YOUR INSTRUCTIONS: Return only that part of the material below which starts with the line containing "(¬1) العنوان من" and goes on through the line containing "Отзывы о Тумба", restated exactly.
== INFORMATION GIVEN ==
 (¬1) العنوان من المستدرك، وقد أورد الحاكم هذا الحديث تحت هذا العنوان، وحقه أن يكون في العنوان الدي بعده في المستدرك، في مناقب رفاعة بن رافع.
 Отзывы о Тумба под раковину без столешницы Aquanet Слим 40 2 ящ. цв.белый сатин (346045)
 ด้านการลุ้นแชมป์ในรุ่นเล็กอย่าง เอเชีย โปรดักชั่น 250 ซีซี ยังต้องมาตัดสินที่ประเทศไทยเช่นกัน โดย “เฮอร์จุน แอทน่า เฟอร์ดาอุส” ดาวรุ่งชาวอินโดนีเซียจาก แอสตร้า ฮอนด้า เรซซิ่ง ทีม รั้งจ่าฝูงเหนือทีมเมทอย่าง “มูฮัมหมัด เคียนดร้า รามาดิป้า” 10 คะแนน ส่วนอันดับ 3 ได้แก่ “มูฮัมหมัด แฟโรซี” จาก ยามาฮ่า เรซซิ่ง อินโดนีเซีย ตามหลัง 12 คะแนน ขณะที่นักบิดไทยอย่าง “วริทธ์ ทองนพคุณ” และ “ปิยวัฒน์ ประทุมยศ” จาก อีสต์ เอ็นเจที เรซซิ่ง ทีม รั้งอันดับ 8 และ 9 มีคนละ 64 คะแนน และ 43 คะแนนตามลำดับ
===
== INFORMATION GIVEN ==
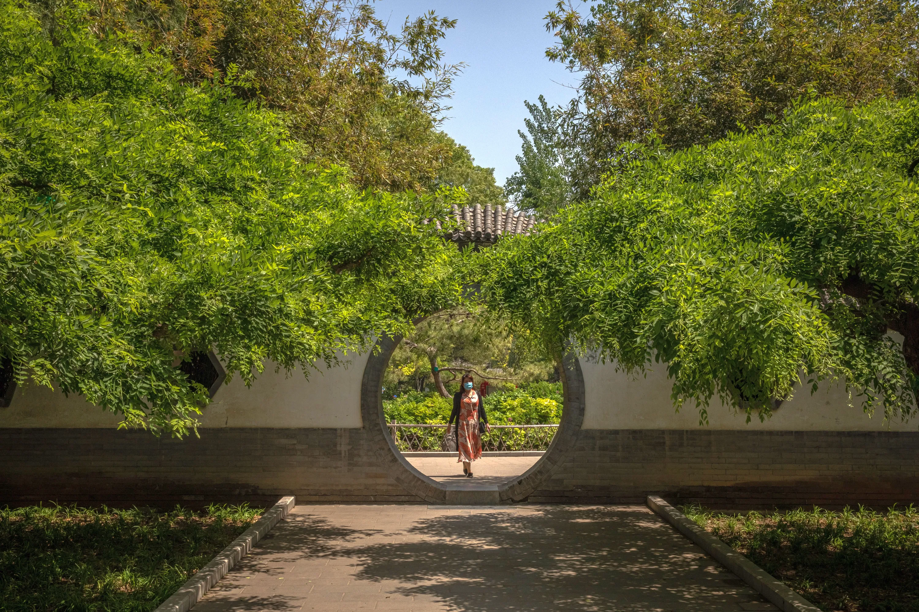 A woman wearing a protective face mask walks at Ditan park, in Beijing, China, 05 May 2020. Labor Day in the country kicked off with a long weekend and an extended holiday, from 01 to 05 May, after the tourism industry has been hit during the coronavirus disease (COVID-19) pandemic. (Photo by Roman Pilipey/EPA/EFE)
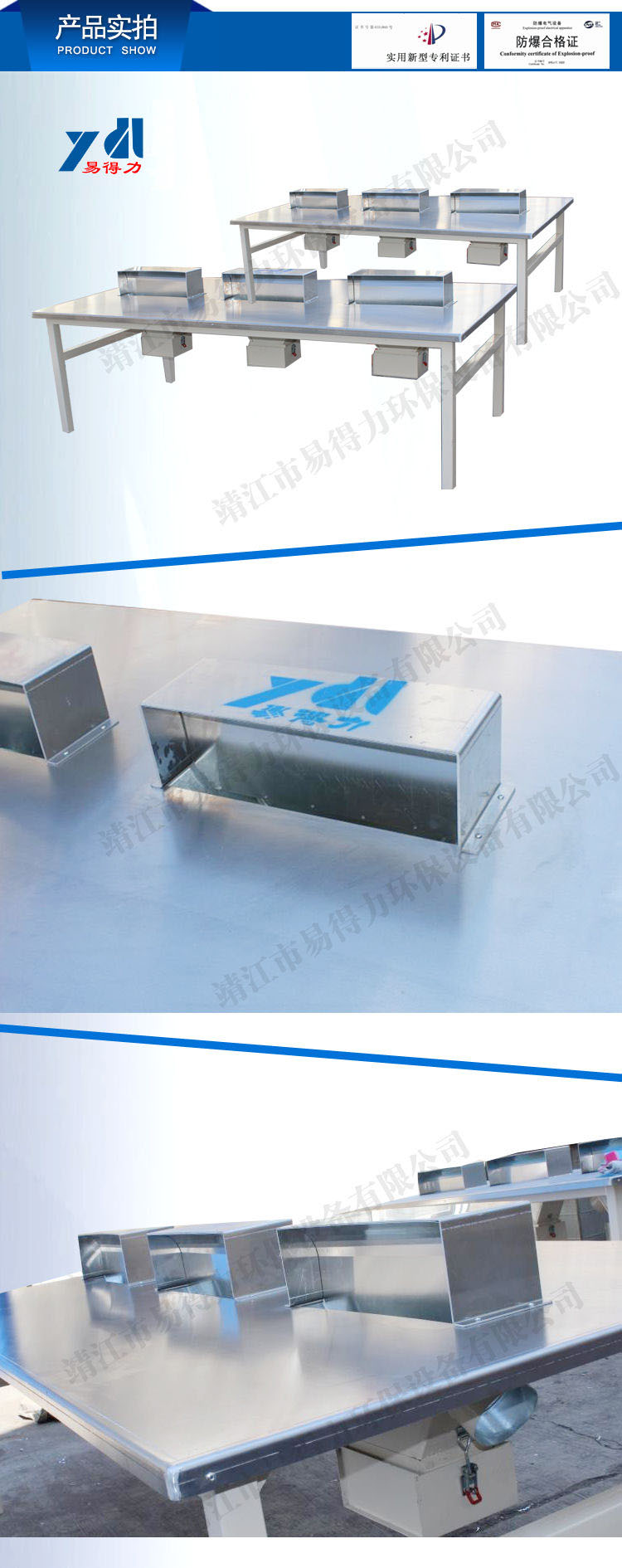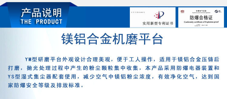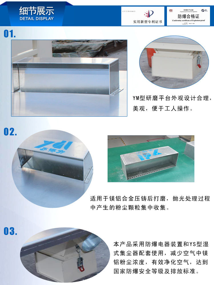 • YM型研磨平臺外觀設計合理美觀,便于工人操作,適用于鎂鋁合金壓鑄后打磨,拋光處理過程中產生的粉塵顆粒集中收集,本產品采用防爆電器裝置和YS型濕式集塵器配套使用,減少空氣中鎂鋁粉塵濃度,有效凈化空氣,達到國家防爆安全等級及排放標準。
===
WRITTEN RESPONSE:
 (¬1) العنوان من المستدرك، وقد أورد الحاكم هذا الحديث تحت هذا العنوان، وحقه أن يكون في العنوان الدي بعده في المستدرك، في مناقب رفاعة بن رافع.
 Отзывы о Тумба под раковину без столешницы Aquanet Слим 40 2 ящ. цв.белый сатин (346045)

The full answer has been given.